Tuesday, 21 April 2009

weather - What makes a really good observatory site, besides altitude?


• Not near an active or dormant volcano (but Mauna Kea seems to disprove this?). This is kinda a bummer because a lot of tall mountains seem to be volcanic.




There's nothing intrinsically wrong with dormant volcanos, as Mauna Kea and the observatories in the Canary Islands demonstrate. Not sure where you would have gotten that idea.




• Somewhere with clear and/or dry weather for as much of the year as possible




Clear weather is essential -- you can't observe when it's cloudy!



Dry weather is very good, especially for infrared observations (water vapor blocks a lot of infrared light).




• Not near major light pollution like cities




Yes.




• Cold weather is better than hot weather? Not sure I understand that; if it's uniformly hot or cold then I dont see how it makes a difference.




Cold climates tend to have drier air. (Antarctica is an extreme case.) Of course, being on top of a mountain means colder air, which is why Mauna Kea is good despite it's being in the tropics.




Am I missing any? Or are these wrong in some way?

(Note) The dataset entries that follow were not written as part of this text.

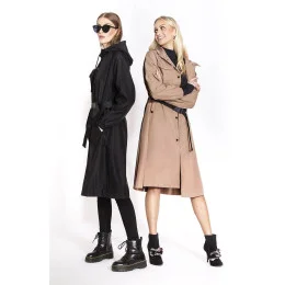 Kabát má podšívku, tři kapsy a zapíná se patentkami. Model má pásek s přezkou. Kabát má délku ke kolenům.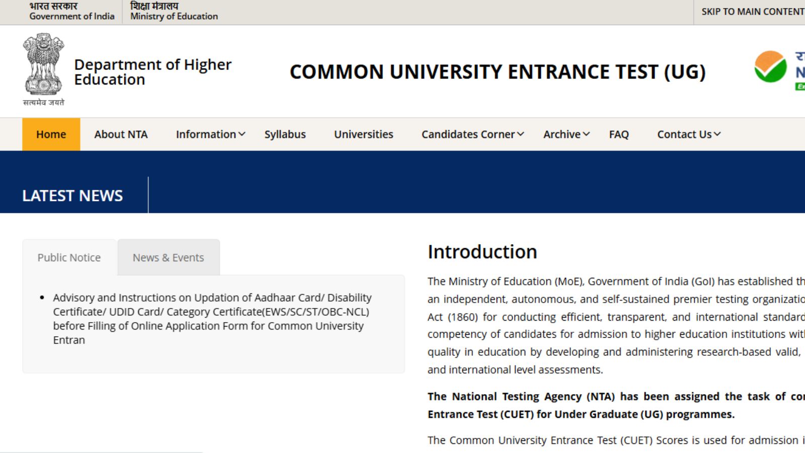 The National Testing Agency (NTA) has announced that the Common University Entrance Test for Undergraduate courses (CUET‑UG) will be conducted in May 2026. Ahead of the application process, the agency has urged candidates to ensure that their Aadhaar details, UDID cards, and category certificates are updated. The Agency said this step is crucial to avoid discrepancies, grievances, or possible rejection of applications at later stages.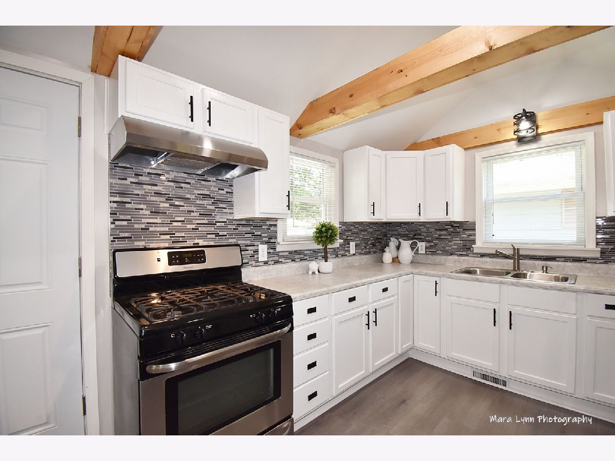 MOVE-IN READY 1.5 STORY HOME on a large corner lot within walking distance to downtown Plano. So much to love about this wonderful home starting with the Beautiful and Stylish BRAND NEW KITCHEN (2022) with Recessed Lighting, White Cabinets, Counters, Stainless Sink and Faucet, Wood Laminate Flooring, Tile Backsplash, Newer Black & Stainless Appliances, Vaulted Ceiling with Wood Beams. Kitchen opens to the VAULTED DINING ROOM with beautiful Tongue and Groove Wood Paneled Ceiling with matching Beams and newer Lighted Ceiling Fan. The 1st Floor PRIMARY BEDROOM has new Closet Doors, on-trend Coffered Ceiling, New Paint and New Ceiling Fan. Light and Bright LIVING ROOM with attached shelving under stairs (perfect spot for a mini-office or study area), Chair Rail Molding, Lighted Ceiling Fan and Access to the Cute Front Porch. The First Floor also features a spacious LAUNDRY ROOM and FULL BATH. The upper level has a large loft-style 2ND BEDROOM with Wood Laminate Flooring. The Back Yard features an expansive Wood Deck and has been freshly stained - a perfect spot to Grill and Entertain. The oversized 2-CAR DETACHED GARAGE features a nice Workshop Space and is sided by a Large Yard lined by Arborvitae privacy trees. CHECK OUT ALL THE MAJOR UPDATES DONE FOR YOU: Kitchen - (2022), Roof, Siding, Gutters, Windows, Electric, HVAC Water Heater - (2012). Pride of Ownership shines throughout and we are confident you will be happy to call this your new Home Sweet Home!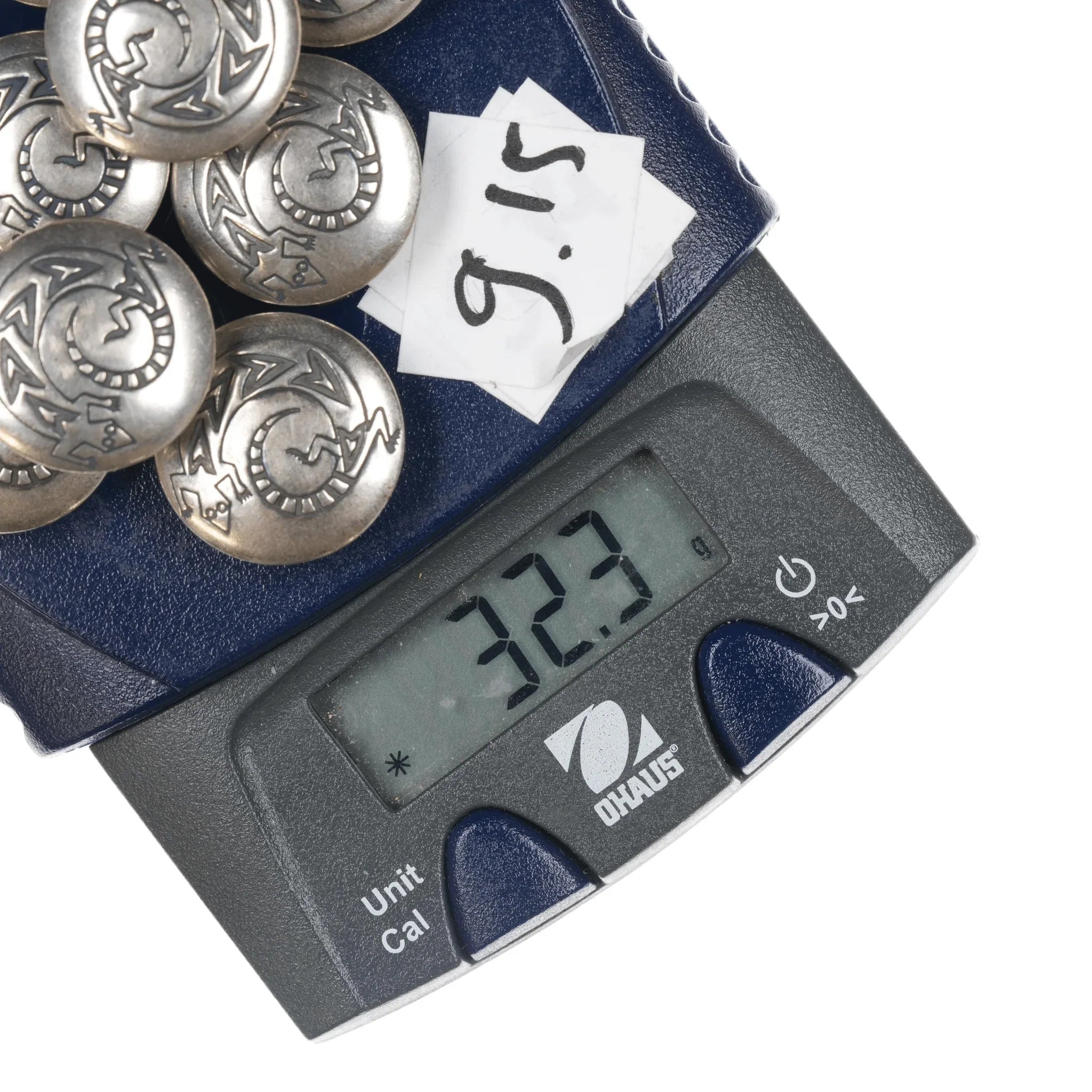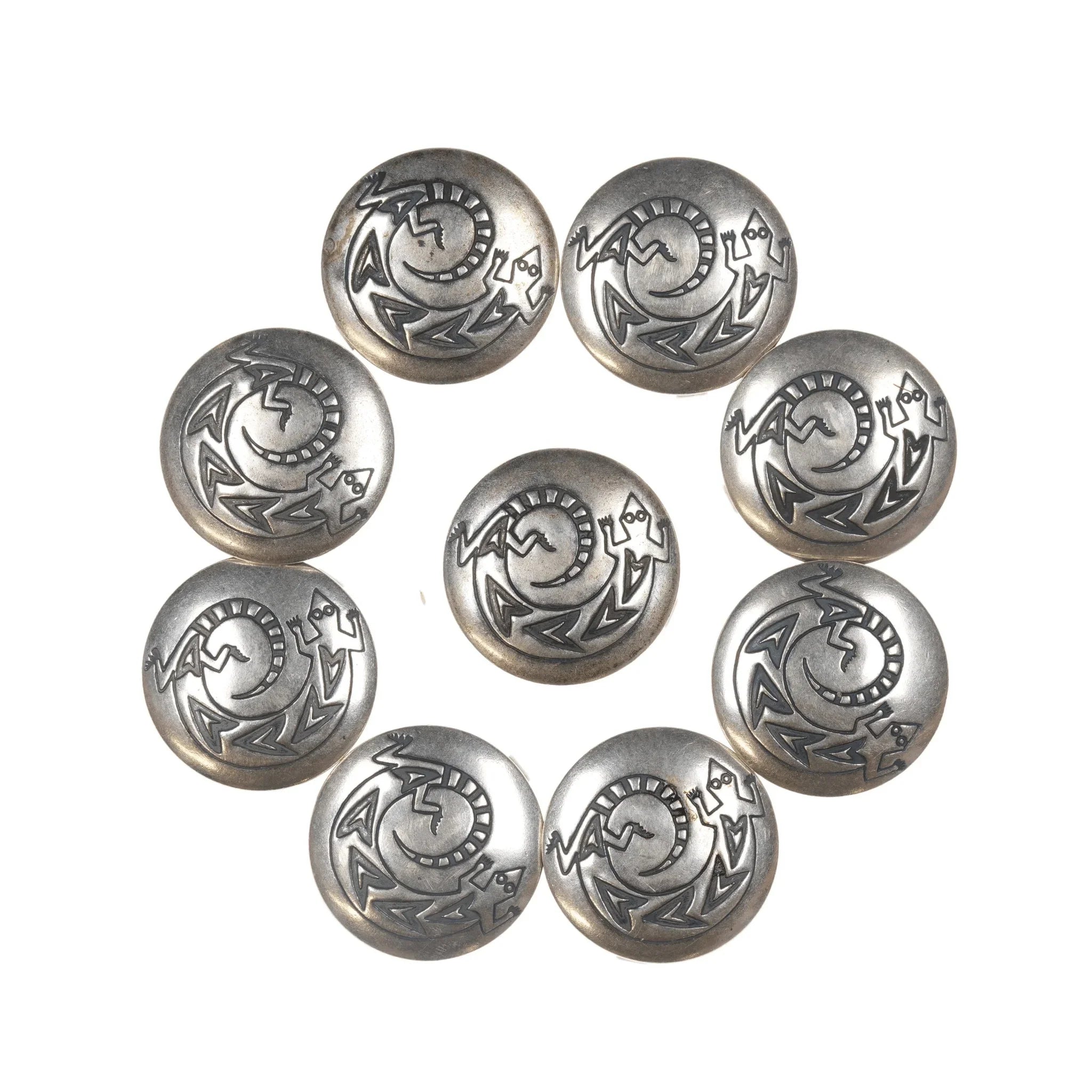 9 vintage Southwestern sterling button covers with lizards, great with no issues. Backs are steel as always.

You also want stable air with good "seeing", which rules out places with turbulent air and lots of wind (and is another reason mountaintops are good: they're usually above the most turbulent layers of the atmosphere).
Quoting from this page (which has a good discussion of the general topic):




Seeing ... requires at minimum a lack of extra turbulence at all atmospheric levels, and seems to be best satisfied in the convergence zones just outside the tropics, at latitudes about ± 30º. Also, minimal local turbulence is often associated with mountain peaks that reach into the otherwise undisturbed oceanic airflow, as on islands or coastal ranges (and given the direction of the planet's rotation, this generally favors western coast ranges).